O título Mortuanima já carrega em si um paradoxo filosófico: a morte como força interior, como ânima silente que habita cada gesto, cada escolha. Trata-se de uma metáfora para o confronto com o vazio e a transcendência que este confronto pode provocar. Através de vocais guturais que alternam com limpos como se duas vozes, uma da carne e outra do espírito, dialogassem no mesmo corpo e instrumentais lentos, atmosféricos, dilacerantes, a banda constrói uma liturgia sonora onde a dor não é apenas sintoma, mas processo de revelação. As letras mergulham em estados limítrofes da consciência: perda, finitude, dissolução do eu, e
Mesmo na opção por teclados virtuais em apresentações ao vivo diante da ausência de um tecladista fixo Bleak Transcendence preserva a atmosfera espectral de sua obra. Essa escolha revela um compromisso com a essência, não com a forma: o que importa é manter viva a densidade do ritual sonoro, mesmo que adaptado às contingências materiais. A fidelidade à própria estética mostra uma ética do som, onde o cuidado com o impacto espiritual da música supera os padrões performáticos usuais.
Mortuanima não é um álbum para ser escutado, mas para ser atravessado. Nele, o ouvinte é convidado a deixar-se despir de certezas, a contemplar suas próprias sombras, a escutar o que há de morto — e de eternamente vivo em si. A proposta artística da banda é profundamente filosófica: não há salvação sem confronto, não há transcendência sem travessia pelo abismo. Bleak Transcendence nos lembra que o fim não é silêncio absoluto, mas .uma forma extrema de escuta. No vácuo deixado pelo colapso das ilusões, surge uma nova possibilidade de ser — não mais centrada na identidade, na coesão do eu, mas na abertura à impermanência. Nesse sentido, Mortuanima pode ser lido como um tratado sonoro sobre a decomposição do sujeito moderno, uma desconstrução poética da vontade de sentido, substituída por uma estética da entrega e da suspensão.
Com Mortuanima, o selo Eclipsys Lunarys Productions revela-se como um canal importante para essas vozes dissonantes que encontram no metal extremo uma forma de meditação sonora. A parceria entre banda e selo não é apenas logística; é um pacto estético que sustenta a integridade de uma obra que recusa concessões.
Bleak Transcendence nos oferece, portanto, uma experiência que não se encerra na escuta, mas que continua a reverberar como um lamento antigo gravado nas ossadas da alma nas horas em que o silêncio se impõe. Porque talvez a verdadeira transcendência não esteja em escapar da dor, mas em habitá-la plenamente, como quem aprende a respirar nas ruínas. E se há alguma esperança nesse disco, ela não vem da luz, mas do que aprendemos a ver quando a luz se apaga e quando a luz se apaga, tudo o que resta é o som abafado da terra cobrindo a memória o peso da ausência que nos molda em silêncio. Mortuanima não é só um lamento; é um epitáfio escrito antes da morte, um testamento de tudo aquilo que se perdeu antes mesmo de ser possuído. A cada compasso, a alma se arrasta como um espectro ciente de sua ruína, tropeçando sobre os escombros de um sentido que nunca se formou por completo.
Há um frio que não vem do clima, mas de dentro um frio que desmancha afetos, desbota lembranças, dissolve a carne em melancolia bruta. Neste espaço, esperança é um veneno disfarçado de flor, e a existência, um eco sem origem, vagando entre os corredores ocos da consciência.
A escuta se torna uma espécie de exílio: cada nota nos exila mais de nós mesmos, nos lança a um lugar onde tudo pulsa sem propósito, onde o tempo é uma lenta hemorragia do ser.

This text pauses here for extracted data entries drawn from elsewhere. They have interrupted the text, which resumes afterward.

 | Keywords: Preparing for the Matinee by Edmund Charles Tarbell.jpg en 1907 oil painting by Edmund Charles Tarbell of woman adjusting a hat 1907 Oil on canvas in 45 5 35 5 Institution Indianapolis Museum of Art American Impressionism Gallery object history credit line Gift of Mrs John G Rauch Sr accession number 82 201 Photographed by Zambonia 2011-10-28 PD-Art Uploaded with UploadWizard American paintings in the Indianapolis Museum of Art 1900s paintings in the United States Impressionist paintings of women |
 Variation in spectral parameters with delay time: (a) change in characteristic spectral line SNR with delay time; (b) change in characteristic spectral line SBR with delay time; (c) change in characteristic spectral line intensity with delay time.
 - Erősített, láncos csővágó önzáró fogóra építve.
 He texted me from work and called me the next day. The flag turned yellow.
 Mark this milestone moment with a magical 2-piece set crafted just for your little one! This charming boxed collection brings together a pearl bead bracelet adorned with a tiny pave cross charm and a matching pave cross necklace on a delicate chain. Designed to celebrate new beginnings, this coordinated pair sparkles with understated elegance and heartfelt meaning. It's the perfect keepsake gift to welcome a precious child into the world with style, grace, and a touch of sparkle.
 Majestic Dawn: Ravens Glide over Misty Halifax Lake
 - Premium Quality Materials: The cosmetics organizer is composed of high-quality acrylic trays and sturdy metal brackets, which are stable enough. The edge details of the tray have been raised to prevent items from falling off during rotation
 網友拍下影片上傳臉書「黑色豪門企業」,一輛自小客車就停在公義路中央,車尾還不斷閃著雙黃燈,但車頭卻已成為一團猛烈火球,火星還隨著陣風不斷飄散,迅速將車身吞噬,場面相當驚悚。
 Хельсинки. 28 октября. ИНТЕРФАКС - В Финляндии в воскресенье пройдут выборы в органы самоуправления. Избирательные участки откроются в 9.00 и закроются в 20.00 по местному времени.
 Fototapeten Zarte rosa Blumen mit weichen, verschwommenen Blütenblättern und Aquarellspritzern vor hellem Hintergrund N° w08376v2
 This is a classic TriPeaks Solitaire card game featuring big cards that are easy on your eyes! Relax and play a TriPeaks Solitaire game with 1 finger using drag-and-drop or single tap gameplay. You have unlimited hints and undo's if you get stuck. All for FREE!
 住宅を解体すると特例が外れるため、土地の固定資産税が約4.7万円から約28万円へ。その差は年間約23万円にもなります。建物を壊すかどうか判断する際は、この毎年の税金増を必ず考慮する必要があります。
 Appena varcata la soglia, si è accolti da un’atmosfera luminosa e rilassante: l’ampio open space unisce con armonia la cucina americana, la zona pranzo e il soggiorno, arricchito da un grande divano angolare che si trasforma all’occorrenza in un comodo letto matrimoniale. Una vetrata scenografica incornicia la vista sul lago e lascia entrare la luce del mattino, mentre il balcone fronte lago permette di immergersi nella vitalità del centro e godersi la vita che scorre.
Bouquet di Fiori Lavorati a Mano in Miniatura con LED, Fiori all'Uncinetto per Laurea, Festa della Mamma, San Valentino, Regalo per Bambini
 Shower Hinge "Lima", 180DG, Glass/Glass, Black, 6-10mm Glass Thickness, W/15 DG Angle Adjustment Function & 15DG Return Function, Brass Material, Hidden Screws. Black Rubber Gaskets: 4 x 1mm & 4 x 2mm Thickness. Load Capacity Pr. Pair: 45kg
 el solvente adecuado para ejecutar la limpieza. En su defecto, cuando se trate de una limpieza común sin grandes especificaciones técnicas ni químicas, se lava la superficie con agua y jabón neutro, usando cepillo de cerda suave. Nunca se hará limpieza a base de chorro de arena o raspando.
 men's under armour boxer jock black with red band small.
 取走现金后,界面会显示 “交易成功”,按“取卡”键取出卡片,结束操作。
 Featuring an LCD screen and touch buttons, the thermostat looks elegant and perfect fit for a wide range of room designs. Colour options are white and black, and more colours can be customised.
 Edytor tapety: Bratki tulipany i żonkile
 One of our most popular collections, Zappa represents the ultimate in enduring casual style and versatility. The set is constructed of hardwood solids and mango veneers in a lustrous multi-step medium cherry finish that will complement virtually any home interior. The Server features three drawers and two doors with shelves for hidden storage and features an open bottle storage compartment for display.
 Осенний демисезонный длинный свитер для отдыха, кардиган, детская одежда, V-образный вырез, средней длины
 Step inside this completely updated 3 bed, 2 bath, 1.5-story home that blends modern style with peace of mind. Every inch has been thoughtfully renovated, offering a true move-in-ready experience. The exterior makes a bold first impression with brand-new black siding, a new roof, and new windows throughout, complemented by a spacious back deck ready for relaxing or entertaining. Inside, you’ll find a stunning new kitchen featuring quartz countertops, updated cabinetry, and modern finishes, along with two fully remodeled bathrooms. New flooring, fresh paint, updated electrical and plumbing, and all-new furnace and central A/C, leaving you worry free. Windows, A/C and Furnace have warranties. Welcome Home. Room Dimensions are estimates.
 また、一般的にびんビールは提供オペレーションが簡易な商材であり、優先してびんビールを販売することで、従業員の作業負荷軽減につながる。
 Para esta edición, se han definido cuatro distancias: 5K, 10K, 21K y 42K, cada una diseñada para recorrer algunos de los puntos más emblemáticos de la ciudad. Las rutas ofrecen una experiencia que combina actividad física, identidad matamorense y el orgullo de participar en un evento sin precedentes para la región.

Bleak Transcendence não grita para ser ouvido; sussurra como um cadáver que se recusa a apodrecer, insistindo em respirar, mesmo quando o ar já virou pó.
Mortuanima é o som da alma que falhou em ser eterna. E ao fim de tudo, só há isso: o coração ainda batendo por inércia, a mente trancada num quarto sem janelas, e a certeza de que o abismo não responde ele apenas observa, calado, enquanto... você continua caindo.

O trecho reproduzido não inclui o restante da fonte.